Simultaneamente, a invenção da ressonância magnética funcional (fMRI) proporcionou aos cientistas uma ferramenta poderosa para observar o cérebro em funcionamento. Através dessa tecnologia, tornou-se possível rastrear mudanças no fluxo sanguíneo cerebral e revelar quais regiões estão ativas durante tarefas específicas. Dessa forma, iniciou-se a busca pelos correlatos neurais da consciência, ou seja, os padrões de atividade cerebral associados às experiências conscientes.
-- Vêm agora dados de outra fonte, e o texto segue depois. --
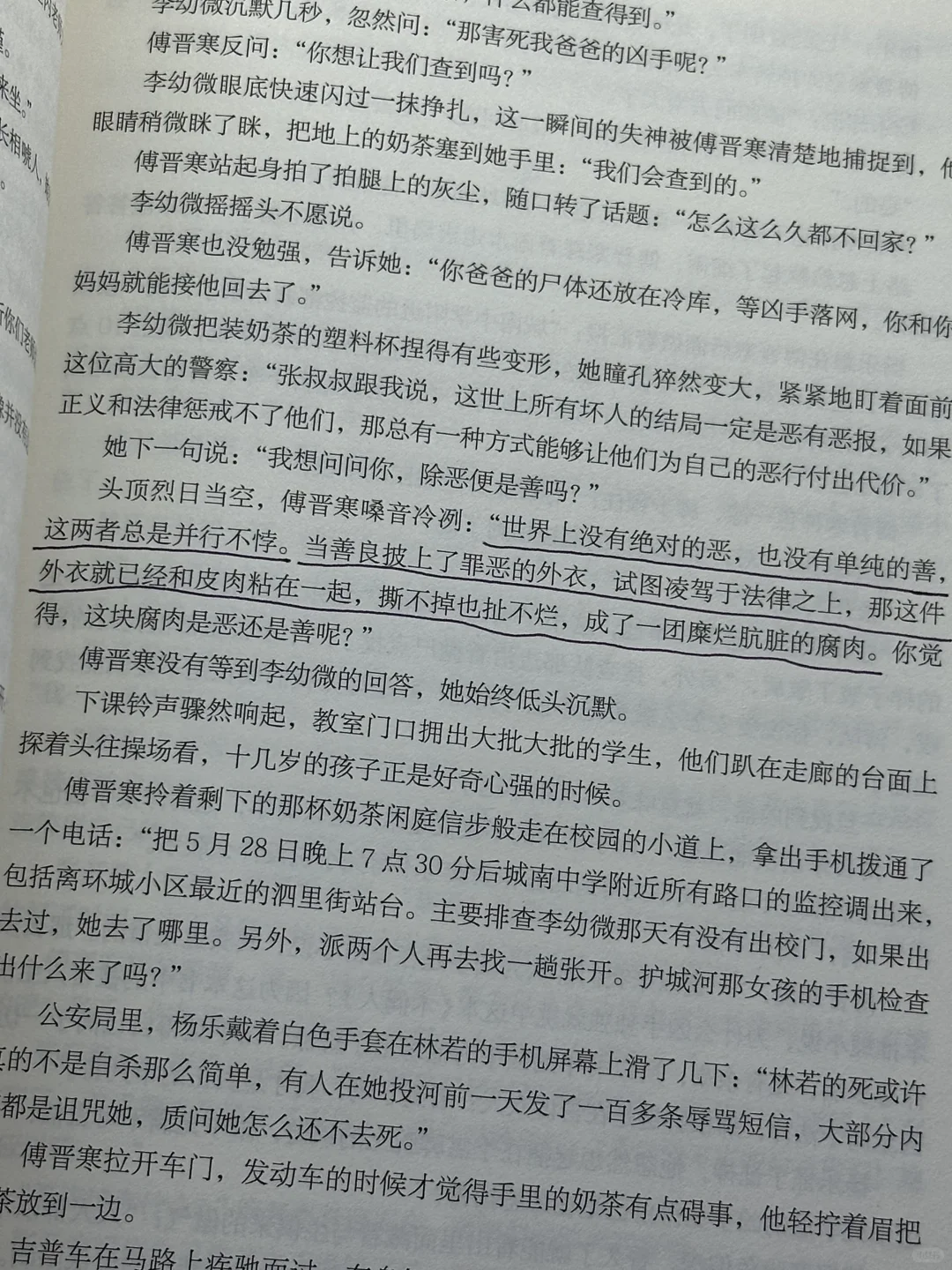 “世界上没有绝对的恶,也没有单纯的善,这两者总是并行不悖。当善良披上了罪e的外衣,试图凌驾于法律之上,那这件外衣就已经和皮肉粘在一起,撕不掉也扯不烂,成了一团糜烂肮脏的腐肉。”

Teorias Principais Sobre Como a Consciência Emerge no Cérebro

Atualmente, dezenas de teorias competem para explicar como o cérebro gera consciência. Primeiramente, a teoria do espaço de trabalho neuronal global (GNWT) concebe a consciência como uma espécie de palco mental. Quando algo entra na consciência—seja uma coceira ou o zumbido da geladeira—é projetado no palco através de um processo chamado ignição. Informações no espaço de trabalho global são então transmitidas para outras áreas cerebrais, orientando ações e direcionando atenção.
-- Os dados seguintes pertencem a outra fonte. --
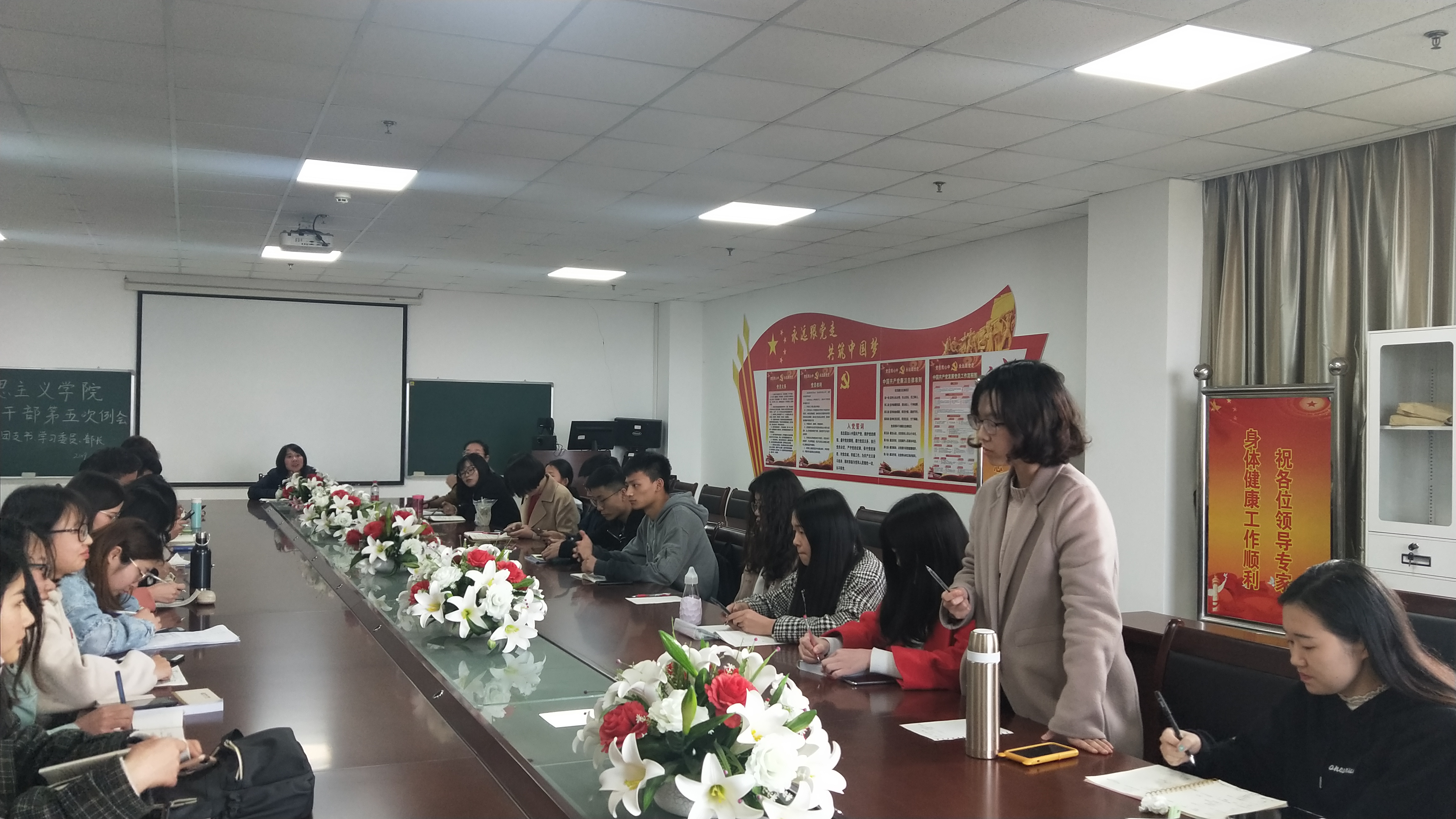 本次会议包括三个环节,第一个环节是各部门代表汇报本学期工作,开学一个月以来学生会的工作主要围绕近期的“长江春潮”艺术体育节一系列活动来进行。会议的第二个环节,张老师就开学一个月以来的工作做总结并指出问题。首先,近期存在的主要问题有:考勤记录不准确、普通话报名率不高、四级通过率较低、早晚自习到勤人数太少等等,张老师强调大家要认真对待早晚自习,重视四六级考试。同时还存在每周四寝室卫生大检查时,部分寝室对评比结果不满意,她提出要改进学生会宿建部的工作方式,并会在近期召开寝室长会议,详细讨论相关事宜。另外一个问题就是青年大学习的完成率不高,她提出了很多建议比如集体观看,或者完成后在群里发言等来提高大家对青年大学习的积极性。接着,张老师进行了工作部署,主要有:学风建设大会的精神传达,出台学院学风建设方案,着重提到以家校合作的方式将旷课挂科记录通报给家长以促进学风建设。会议最后一个环节,各学生干部代表就近期工作状况做总结反思并进行自我批评。到会学生干部都认识到了各自工作中存在的问题,并表示了自己改进和提升工作质量的决心。

Por outro lado, as teorias de ordem superior propõem que a consciência surge como uma representação de alto nível do que ocorre em outras partes do cérebro. Para estar consciente do zumbido da geladeira, o cérebro não pode apenas representar o som ativando suas partes auditivas. Adicionalmente, deve existir uma “meta-representação” correspondente nas regiões frontais responsáveis pelo pensamento de ordem superior, como o pensamento “estou ouvindo a geladeira zumbir”.

Alternativamente, as teorias de reentrada e processamento preditivo (PPTs) sugerem que a consciência emerge do equilíbrio entre percepção e predição. Anil Seth, da Universidade de Sussex na Inglaterra, descreve a percepção consciente como uma “alucinação controlada”. Essencialmente, a melhor estimativa do cérebro sobre o ambiente mapeia-se para o que percebemos conscientemente. Portanto, nossas expectativas influenciam profundamente nossas experiências perceptivas.
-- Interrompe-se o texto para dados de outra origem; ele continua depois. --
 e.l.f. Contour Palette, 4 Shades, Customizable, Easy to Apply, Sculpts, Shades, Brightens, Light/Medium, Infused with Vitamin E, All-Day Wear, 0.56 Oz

Finalmente, a teoria da informação integrada (IIT) destaca-se por não começar com o cérebro, mas com a própria consciência. Esta teoria matemática e filosófica questiona que tipo de sistema permitiria a existência de algo com as propriedades da consciência. A IIT considera que a consciência é diferenciada—existem muitas experiências possíveis que não estamos tendo—tornando-a rica em informação. Simultaneamente, é unificada ou integrada, com todas as experiências diversas agrupadas em um único fluxo de consciência.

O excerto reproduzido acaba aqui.